Kingston library, 1903, and museum and art gallery, 1904, both designed by Alfred Cox, including the gate piers, boundary walls and early C19 coal post.

Description

Public library, 1903, and museum and art gallery, 1904, both designed by Alfred Cox; the builder for the museum and art gallery was E Chamberlain of Addlestone. The buildings are in the late-C17 ‘Wrenaissance’ style popular circa 1890-1914.

MATERIALS: red brick, laid in English bond, with Bath stone dressings; both buildings have tiled roofs. The buildings retain some lead downpipes with decorative hoppers, those on the library bearing the date 1902. The original windows mainly survive; these include timber sashes, and metal- and timber-framed casements with leaded lights.
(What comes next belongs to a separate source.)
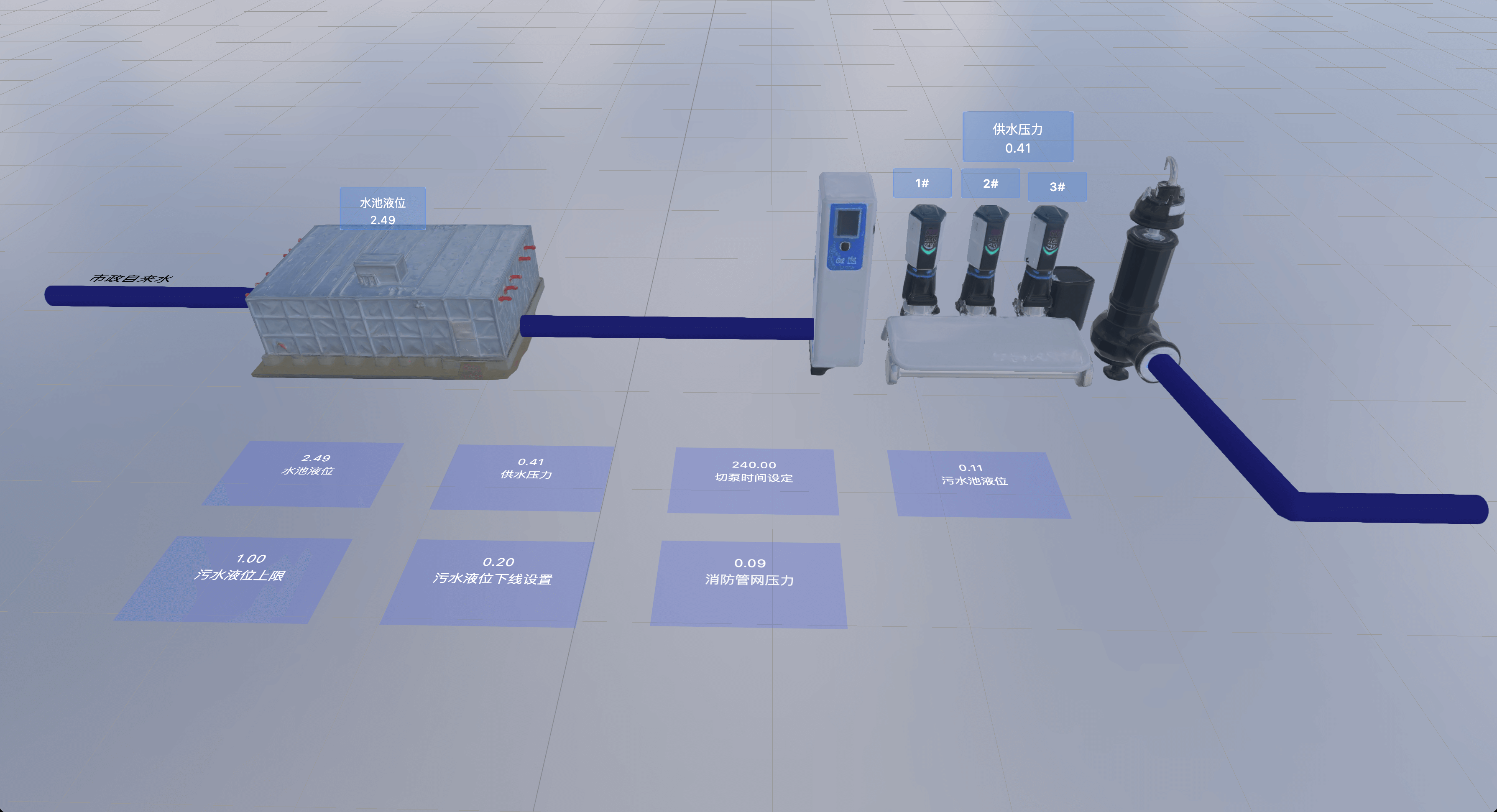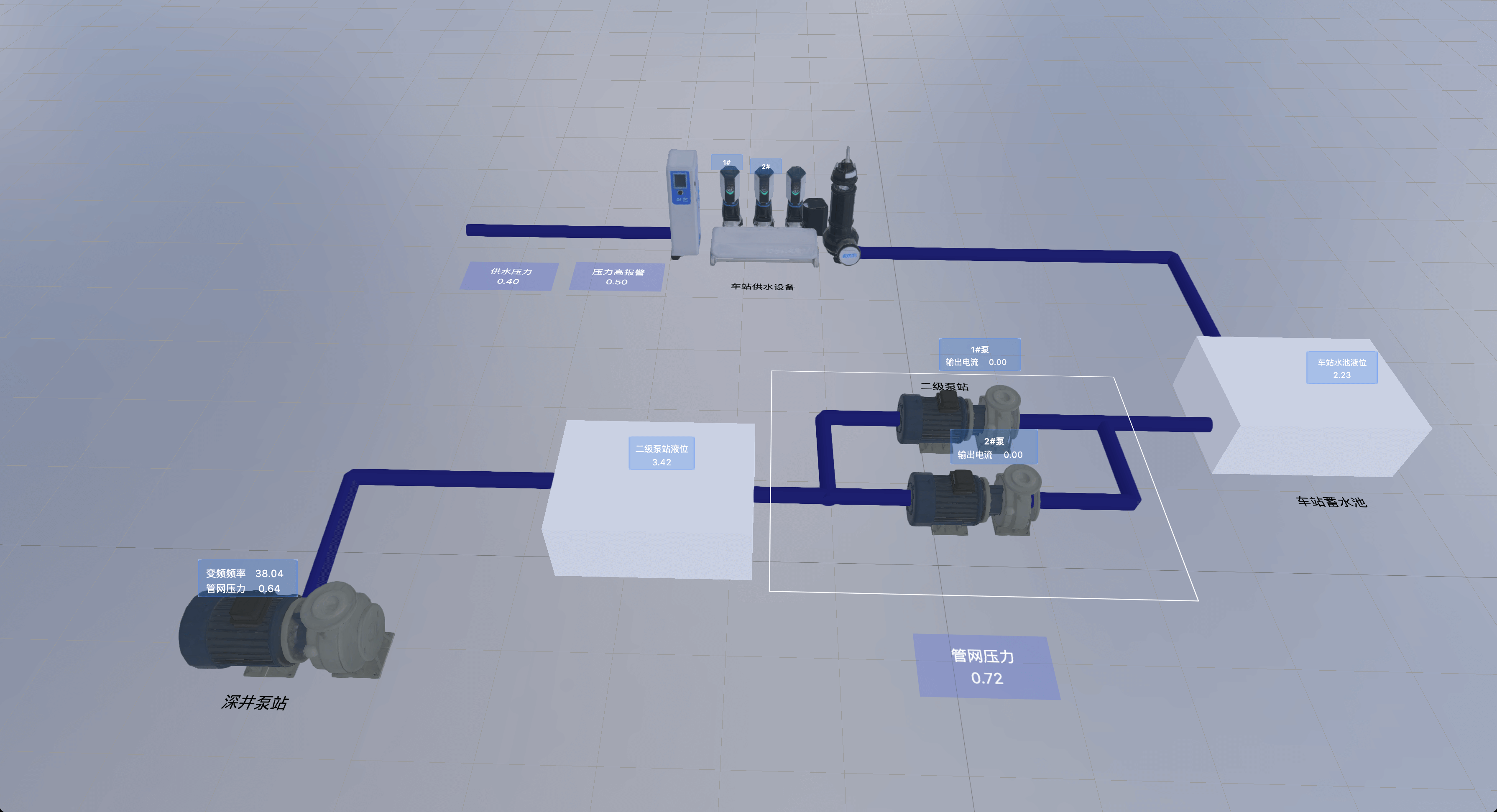 某水处理厂需要向参观者和上级部门展示水处理的完整工艺流程,传统的平面图无法直观展示。

PLAN: the two buildings are set on a corner site, with the library to the south, entered from Fairfield Road, and the museum immediately to the north, entered from Wheatfield Way. Both buildings are rectangular on plan, set on a west/east alignment; the library is larger than the museum. The buildings are linked by an enclosed single-storey corridor, dating from the construction of the museum. Extending northwards from the north-east corner of the museum is the 1960s single-storey addition, linked to the museum by a corridor*.

LIBRARY

PLAN: the overall rectangular plan of the building comprises the principal southern section, which is of two storeys with attic, and a single-storey section to the north formed of two parallel wings, running on a north/south axis, with a central flat-roofed portion.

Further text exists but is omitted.